The contentious collaboration between Mexico and U.S. immigration authorities points to another goal of the Trump administration’s attempt to remake asylum policy: getting Mexico to take on the responsibility for the Central American and other refugees presenting at the southern border. The administration has announced plans to give $20 million to Mexico to pay for the deportation of some 17,000 people, and has been been pursuing a “safe third-country agreement” that would define Mexico as a safe destination for all asylum-seekers — allowing the U.S. to turn away all but Mexican asylum-seekers and force them to seek refuge in Mexico first. Rights groups are uniformly opposed to the idea, pointing out that Mexico’s asylum system is underfunded and backlogged, wrongful deportations are common, and migrants in Mexico are at risk of discrimination, exploitation by criminal groups and corrupt government officials, sexual assault, and other abuses. Nonetheless, the U.S. has pushed to negotiate the agreement, though Mexico’s newly elected president, Andrés Manuel López Obrador, appears little inclined to support it.

“The U.S. government’s abrogation of its obligations under human rights and refugee law is undermining the international framework for refugee protection,” the report concludes, “grossly violating the right to seek asylum, and is inviting a race to the bottom by other countries.”

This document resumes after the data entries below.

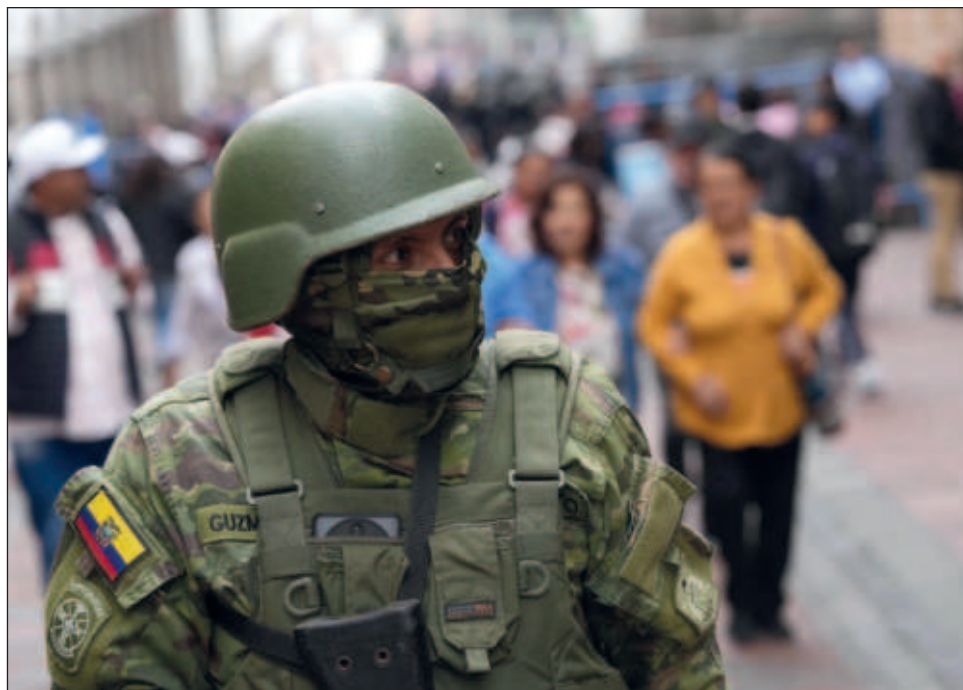
▲ Con el decreto firmado por el jefe de Estado, Daniel Noboa, los militares ecuatorianos tienen potestad de utilizar "la fuerza letal para rendir al enemigo".

Además, cuatro oficiales de policía, que según las autoridades fueron secuestrados por delincuentes entre el lunes y el martes, también están deteni-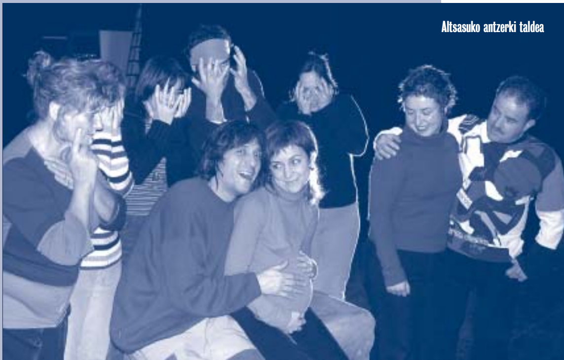
Altsasuko antzerki taldea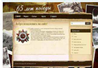
Электронная экспозиция музея гимназии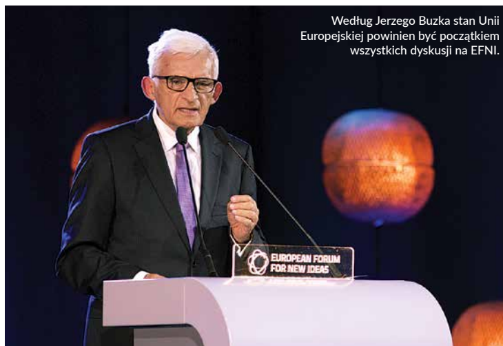
Według Jerzego Buzka stan Unii Europejskiej powinien być początkiem wszystkich dyskusji na EFNI.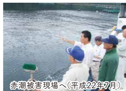
赤潮被害現場へ(平成22年7月)

地域の声にきめ細かに対応。阿久根市西目・大川・大丸・折口をはじめ、補修11箇所、除草・伐採等9箇所、ガードレール設置3箇所など。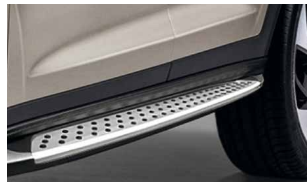
Trittbretter "sportlich". Sportlich und funktional, in matter Aluminiumoptik mit rutschfesten Gummieinlagen, erleichtern sie den Zugang zu Innenraum, Kabine und Dachzubehör. Nicht in Verbindung mit Schmutzfängern. 9999Z-05426

As it has embarked on the policies and practices detailed by Amnesty, the administration has continued to publicly maintain that asylum-seekers who present themselves legally at ports of entry will not be prosecuted and will not have their families separated. As DHS Secretary Kirstjen Nielsen said in June, “They have not committed a crime by coming to the port of entry.” But at the same time, Nielsen has also said that the right to ask for asylum at ports of entry amounts to “a huge gaping loophole that we need to fix because it is so abused.” Today’s report adds to a growing mound of evidence that the administration has undertaken to fix that alleged loophole by illegal means.